Onchocerca gibsoni is a parasitic nematode that infects cattle and is a major cause of bovine onchocerciasis, also known as river blindness. One of the key proteins produced by O. gibsoni is the repetitive antigen protein (RAG-1), which is a major target for the host immune response.

The RAG-1 protein is a highly repetitive and antigenic protein that is expressed on the surface of the parasite. It is involved in the attachment of the parasite to host tissue and plays a crucial role in the establishment and maintenance of the infection. The RAG-1 protein is also important in inducing a protective immune response in the host.

The identification and characterization of RAG-1 as a major antigenic protein of O. gibsoni have led to the development of new diagnostic tests and potential vaccine candidates. The RAG-1 protein has been shown to be highly specific and sensitive in detecting the presence of O. gibsoni in infected cattle.

Onchocerca gibsoni cDNA and recombinant antigen can be used for a variety of applications in medical research. For example, the cDNA can be used for gene expression studies, helping to identify the gene products involved in the life cycle of this parasitic nematode. This can help to understand the biology of this organism and potentially identify targets for new treatments. The recombinant antigen can be used to develop serological assays that can be used to diagnose and monitor infections with this parasite. Vaccines can also be developed using the recombinant antigen. Finally, the cDNA can be used to develop molecular diagnostic tests that can be used to identify and differentiate Onchocerca gibsoni infections from other nematodes.
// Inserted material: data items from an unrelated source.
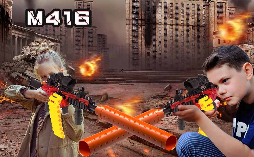 - Пускомет М416 призначений для дітей і початківців і може стріляти пінними снарядами. Корпус виготовлений з міцного пластику і підходить для гри всім дітям, не завдаючи травм. Вашому синові чи дочці сподобається цей подарунок, і не хвилюйтеся, що ви купили його неправильно, він містить інструкції зі збирання, і він чудово підходить для дітей, щоб насолоджуватися найреалістичнішою грою-стріляниною вдома чи в саду!
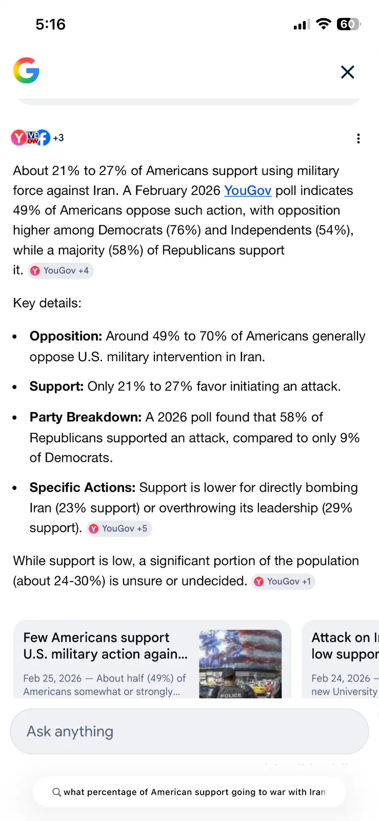 Trump is going against the Will of the American people with his attack on Iran. This is something that a small minority of American support. The boomer Zionists if you will. The key would be how independents look at this and most independents do not support war with Iran. Huge numbers of young Christian conservatives oppose war with Iran Which is good news for the American future.
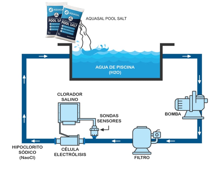 El procedimiento es sencillo: se agrega sal de alta pureza, como Pool Salt Aquasal, al agua de la piscina. Esta sal se disuelve y pasa por un dispositivo llamado clorador salino, el cual utiliza una corriente eléctrica de baja intensidad para transformar la sal (NaCl) en cloro natural. Este cloro actúa de inmediato como desinfectante, eliminando bacterias, virus, algas y microorganismos que puedan afectar la calidad del agua.
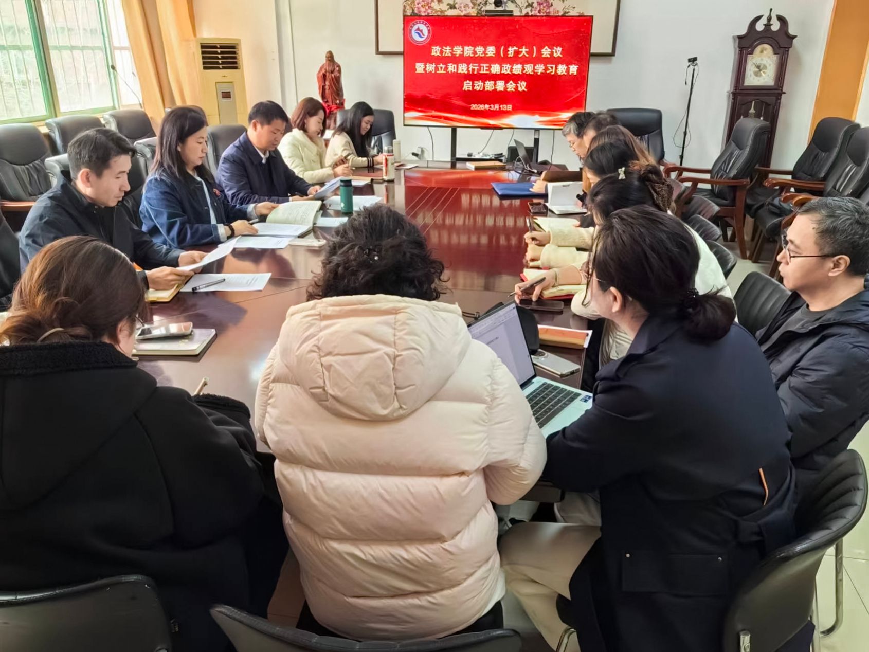 3月13日,政法学院党委召开党委(扩大)会议,传达学习学校党委关于树立和践行正确政绩观学习教育的工作要求,研究部署学院学习教育工作。学院领导班子成员、党支部书记、组织员等参加会议。会议由学院党委副书记、副院长李涛主持。
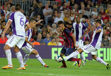 Không có Lionel Messi, Barcelona vẫn dễ dàng đánh bại Valladolid 4-1 tại Nou Camp để đạt 24 điểm tuyệt đối sau vòng 8 La Liga. Các bàn thắng của CLB xứ Catalan được ghi do công Xavi, Alexis Sanchez (2 bàn) và Neymar.
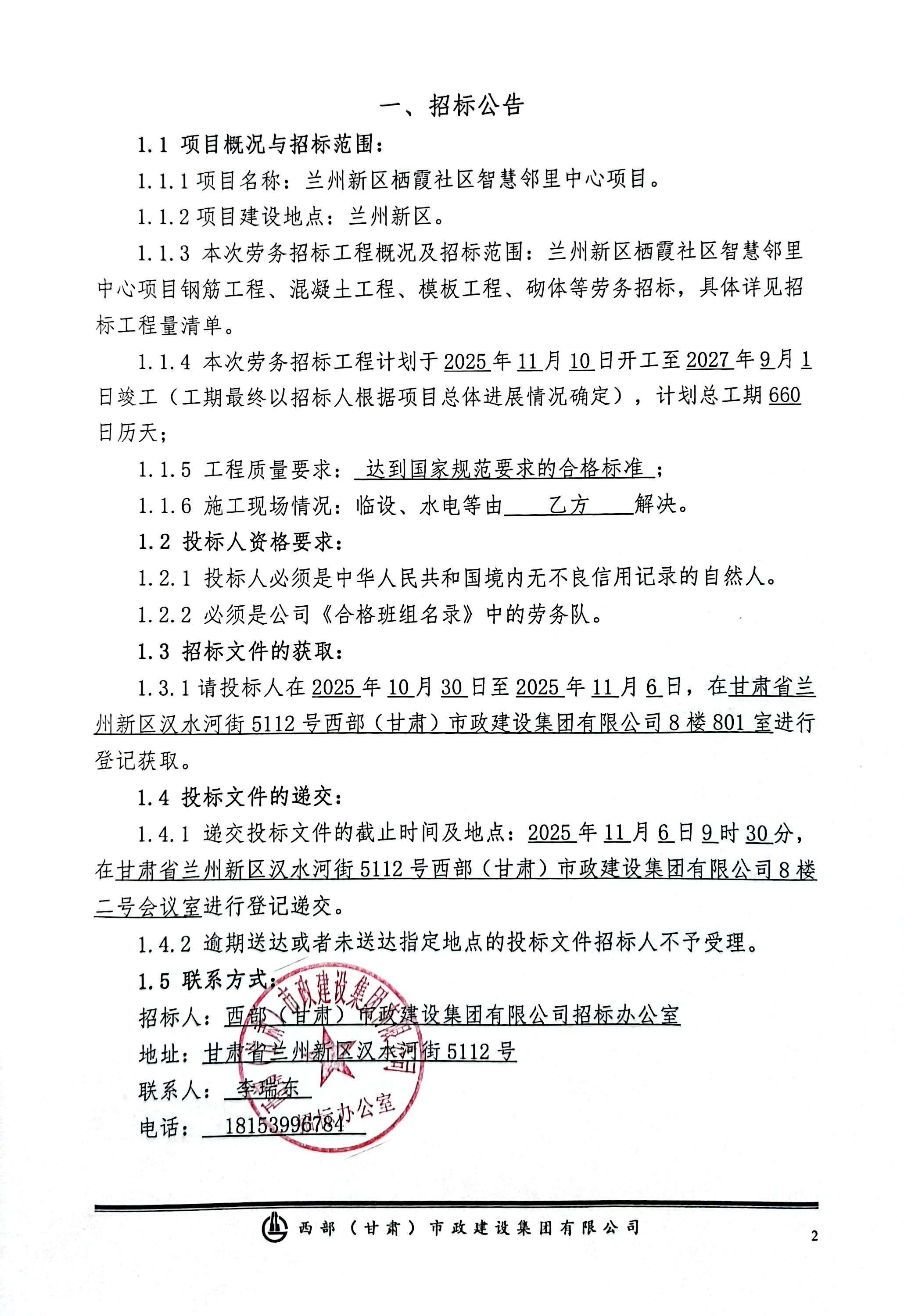 兰州新区栖霞社区智慧邻里中心项目-钢筋工程、混凝土工程、砌体工程等劳务-招标公告

The use of recombinant proteins/cDNA in academic research and therapeutic applications has skyrocketed. However, in heterologous expression systems, successful recombinant protein expression is dependent on a variety of factors, including codon preference, RNA secondary structure, and GC content. When compared to pre-optimization, more and more experimental results demonstrated that the expression level was dramatically increased, ranging from two to hundred times depending on the gene. Bioclone has created a proprietary technology platform that has resulted in the creation of over 6,000 artificially synthesized codon-optimized cDNA clones (cloned in E. coli expression Vector), which are ready for production of the recombinant proteins.